Exercise requirements: Transcribe every line of the material below exactly, leaving out the pictures.

Dataset records:
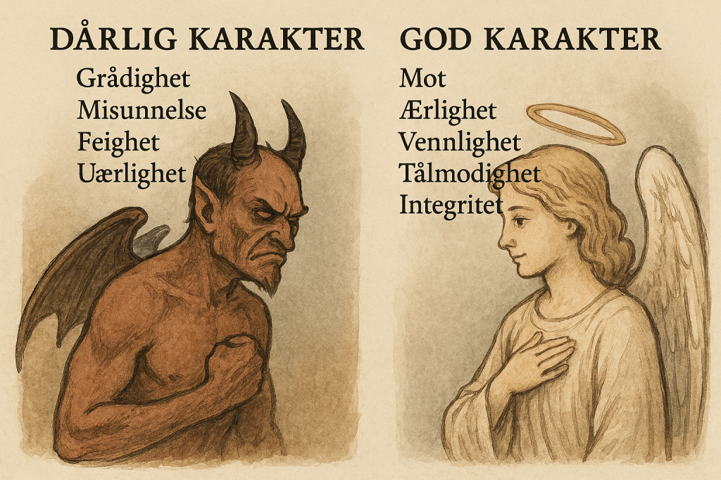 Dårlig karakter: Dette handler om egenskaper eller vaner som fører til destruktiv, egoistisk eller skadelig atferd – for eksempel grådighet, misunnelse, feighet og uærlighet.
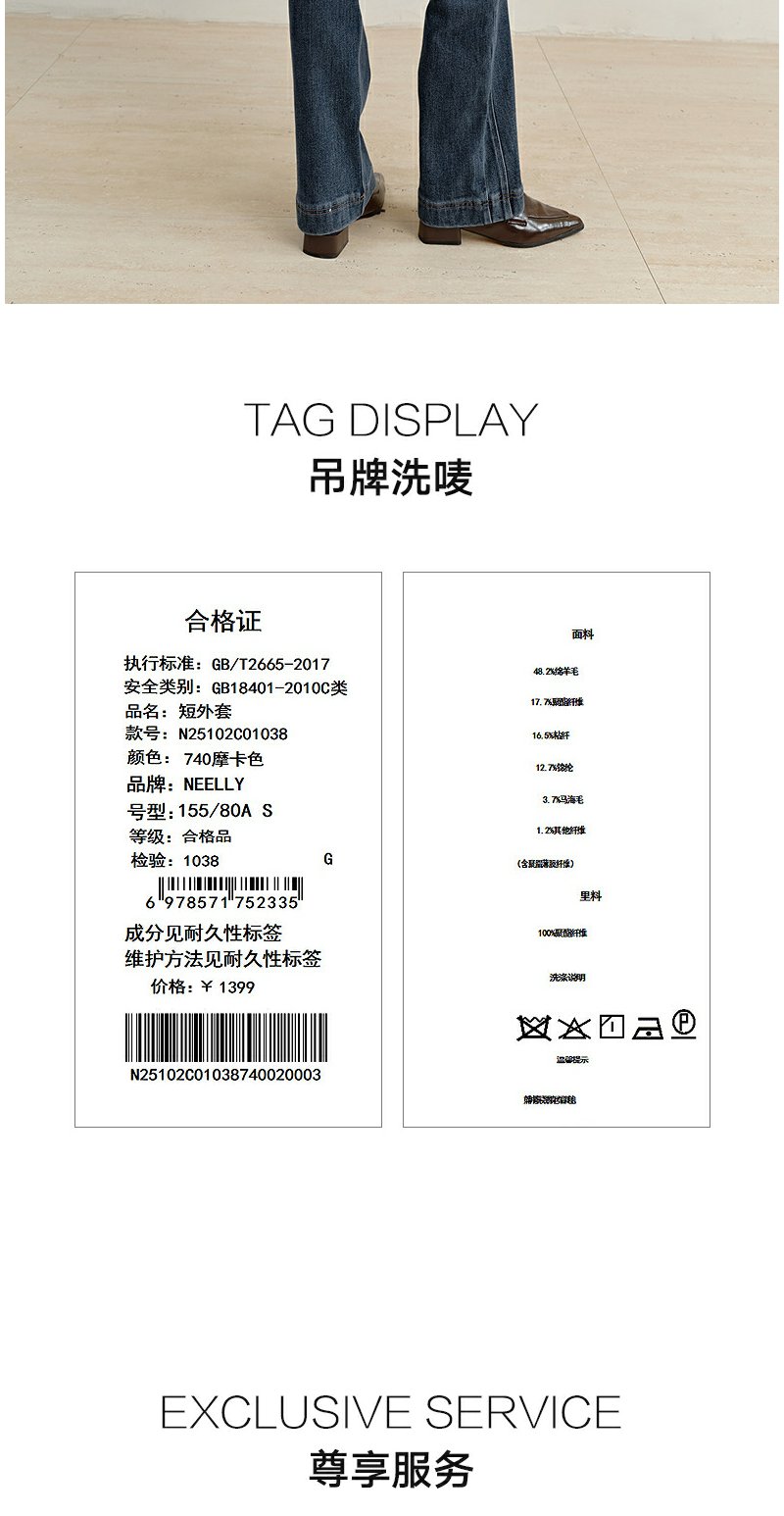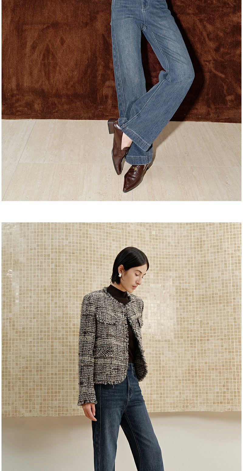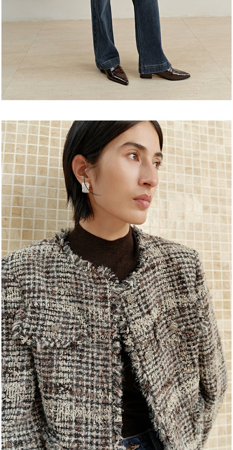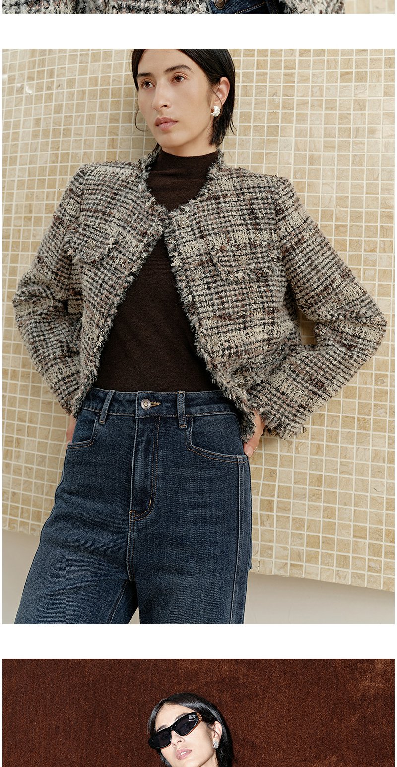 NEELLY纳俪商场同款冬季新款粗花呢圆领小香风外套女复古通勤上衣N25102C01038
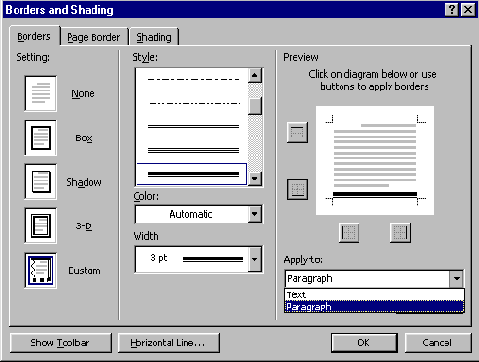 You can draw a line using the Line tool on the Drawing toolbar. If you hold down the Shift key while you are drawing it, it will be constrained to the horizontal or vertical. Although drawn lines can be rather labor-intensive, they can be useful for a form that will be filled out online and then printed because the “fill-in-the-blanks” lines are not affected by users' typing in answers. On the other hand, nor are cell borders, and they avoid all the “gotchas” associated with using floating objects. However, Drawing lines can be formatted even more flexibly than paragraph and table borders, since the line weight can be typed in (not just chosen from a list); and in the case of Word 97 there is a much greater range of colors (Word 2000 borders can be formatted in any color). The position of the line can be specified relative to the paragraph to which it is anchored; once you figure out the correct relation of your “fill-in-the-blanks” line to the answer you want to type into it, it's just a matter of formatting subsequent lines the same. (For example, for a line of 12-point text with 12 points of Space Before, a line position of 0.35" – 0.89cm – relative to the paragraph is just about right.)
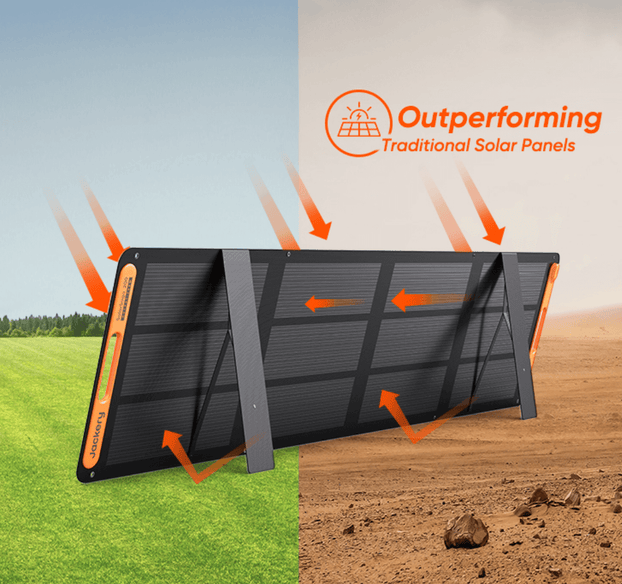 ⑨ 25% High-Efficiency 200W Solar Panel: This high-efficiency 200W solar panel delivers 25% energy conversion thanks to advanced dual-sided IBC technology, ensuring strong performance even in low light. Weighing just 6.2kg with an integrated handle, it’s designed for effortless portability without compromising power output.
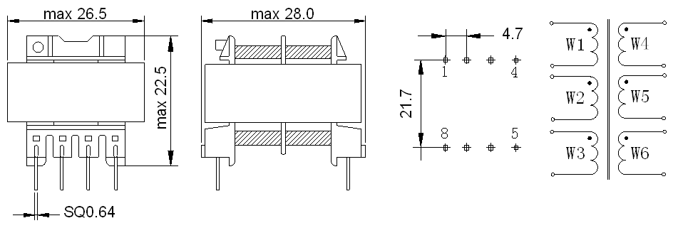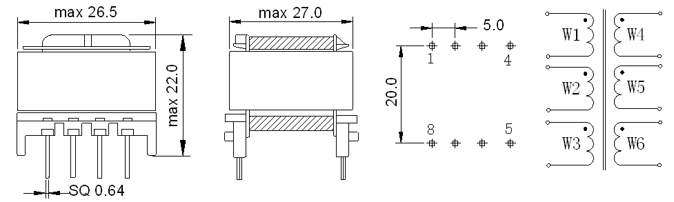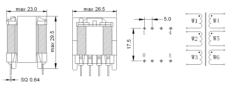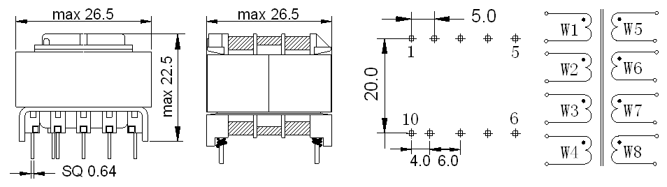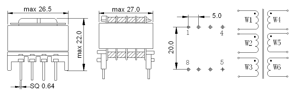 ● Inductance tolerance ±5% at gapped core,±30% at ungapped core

Reply:
 Dårlig karakter: Dette handler om egenskaper eller vaner som fører til destruktiv, egoistisk eller skadelig atferd – for eksempel grådighet, misunnelse, feighet og uærlighet.
 NEELLY纳俪商场同款冬季新款粗花呢圆领小香风外套女复古通勤上衣N25102C01038
 You can draw a line using the Line tool on the Drawing toolbar. If you hold down the Shift key while you are drawing it, it will be constrained to the horizontal or vertical. Although drawn lines can be rather labor-intensive, they can be useful for a form that will be filled out online and then printed because the “fill-in-the-blanks” lines are not affected by users' typing in answers. On the other hand, nor are cell borders, and they avoid all the “gotchas” associated with using floating objects. However, Drawing lines can be formatted even more flexibly than paragraph and table borders, since the line weight can be typed in (not just chosen from a list); and in the case of Word 97 there is a much greater range of colors (Word 2000 borders can be formatted in any color). The position of the line can be specified relative to the paragraph to which it is anchored; once you figure out the correct relation of your “fill-in-the-blanks” line to the answer you want to type into it, it's just a matter of formatting subsequent lines the same. (For example, for a line of 12-point text with 12 points of Space Before, a line position of 0.35" – 0.89cm – relative to the paragraph is just about right.)
 ⑨ 25% High-Efficiency 200W Solar Panel: This high-efficiency 200W solar panel delivers 25% energy conversion thanks to advanced dual-sided IBC technology, ensuring strong performance even in low light. Weighing just 6.2kg with an integrated handle, it’s designed for effortless portability without compromising power output.
 ● Inductance tolerance ±5% at gapped core,±30% at ungapped core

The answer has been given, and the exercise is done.